If you feel ill with fever, flu-like symptoms or respiratory illness, please call us to reschedule your appointment. Please Do Not Bring Children Under age 16 to Appointments.

Liver Disease in Pregnancy

By R. Kyle Barnett, MD

Abnormal liver tests occur in approximately 3-5% of pregnant women. For some women, test results that would otherwise suggest liver or gallbladder dysfunction in a non-pregnant woman may, in fact, be normal in a pregnant woman.
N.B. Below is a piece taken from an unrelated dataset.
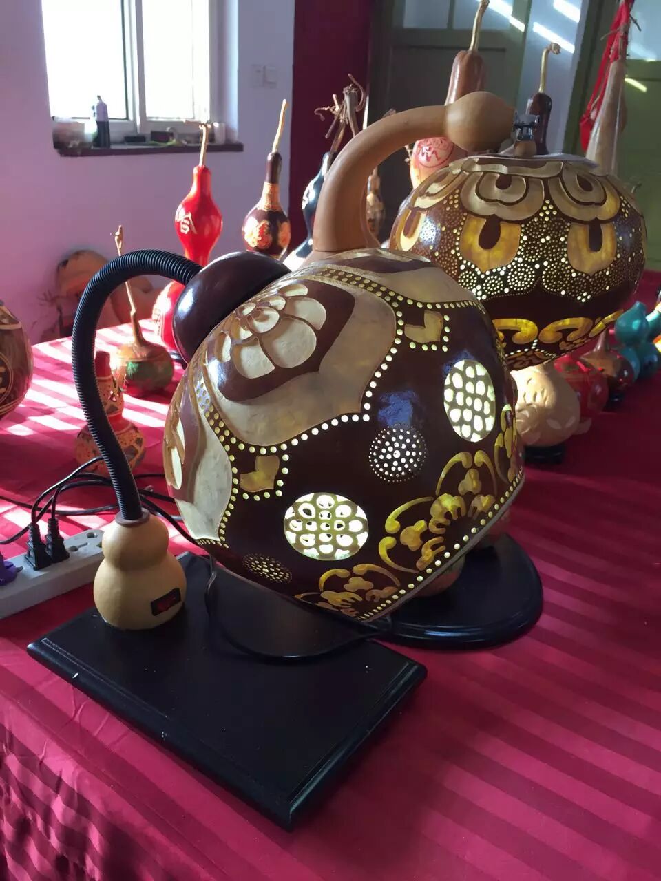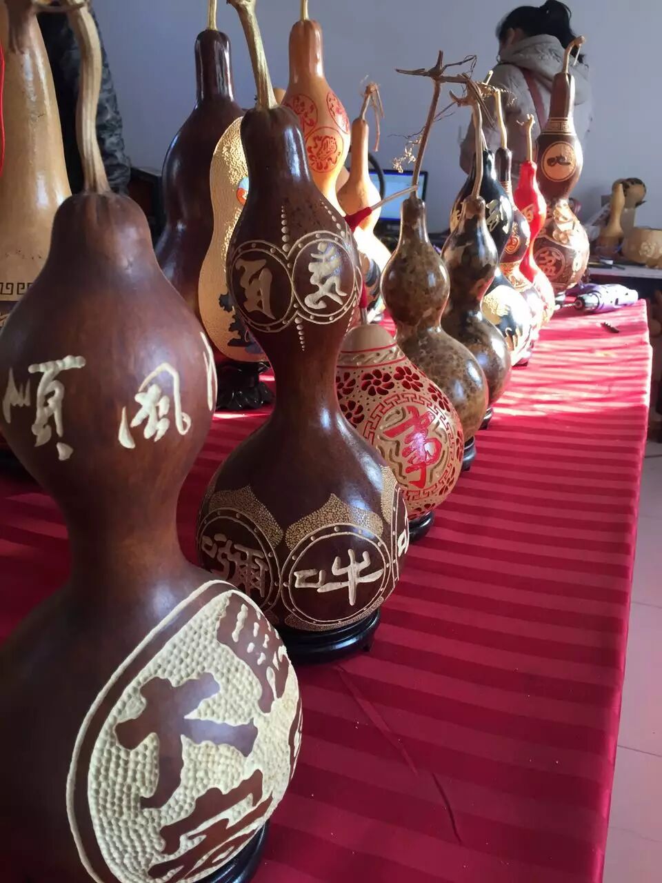 走进任县农兴蔬菜种植专业合作社的葫芦工作室,映入眼帘的便是大大小小的葫芦,墨刻葫芦、烙画葫芦、针刻葫芦、工笔画葫芦、葫芦罐、葫芦台灯等。在这眼花缭乱的葫芦世界里流露出一种田园牧歌式的情怀。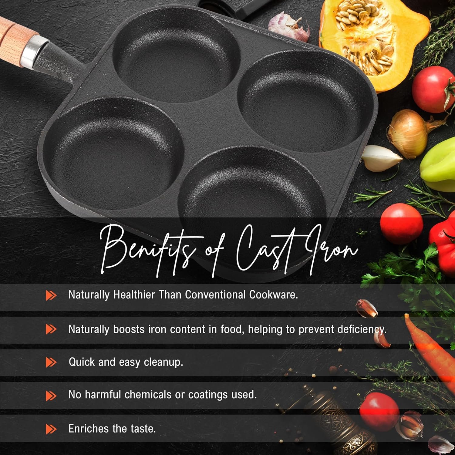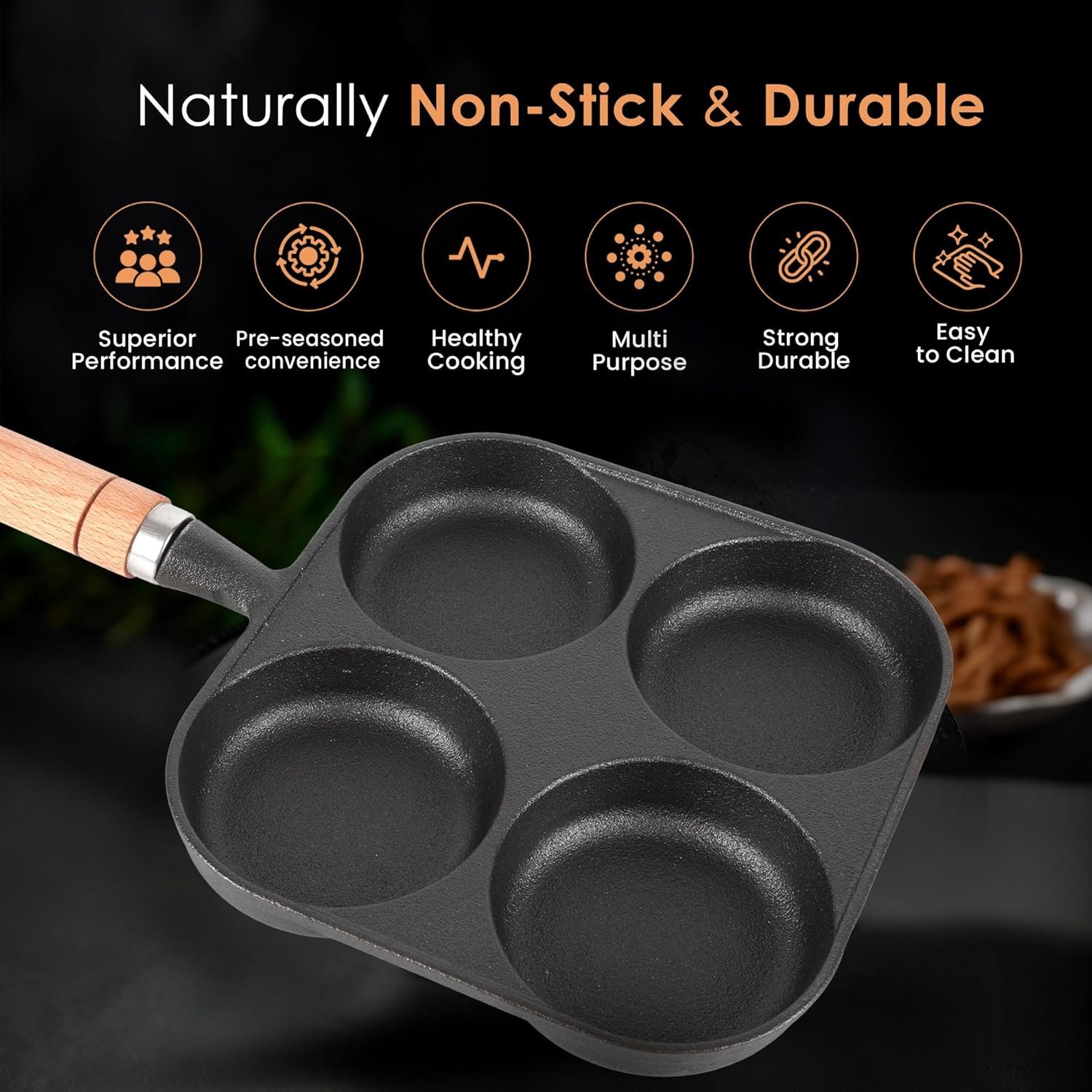 SOLARA Crownstone Premium Pre-Seasoned Cast Iron Uttapam Pan, 4 Pit, Pancake Pan,Induction Friendly, Naturally Nonstick, 100% Pure & Toxin-Free Uttappam Tawa with Wooden Handle(AA1103/40)

Abnormal test results should be evaluated by a specialist since some diseases, newly diagnosed in pregnancy, may require more immediate intervention for the expectant mother or unborn fetus.

Additional Testing

Managing a pregnant woman with liver disease is a common medical scenario that involves unique challenges, since the mother AND fetus must be considered in any clinical treatment decisions. Pregnant patients who have had abnormal liver tests can expect to undergo some level of additional testing, to address initial testing results.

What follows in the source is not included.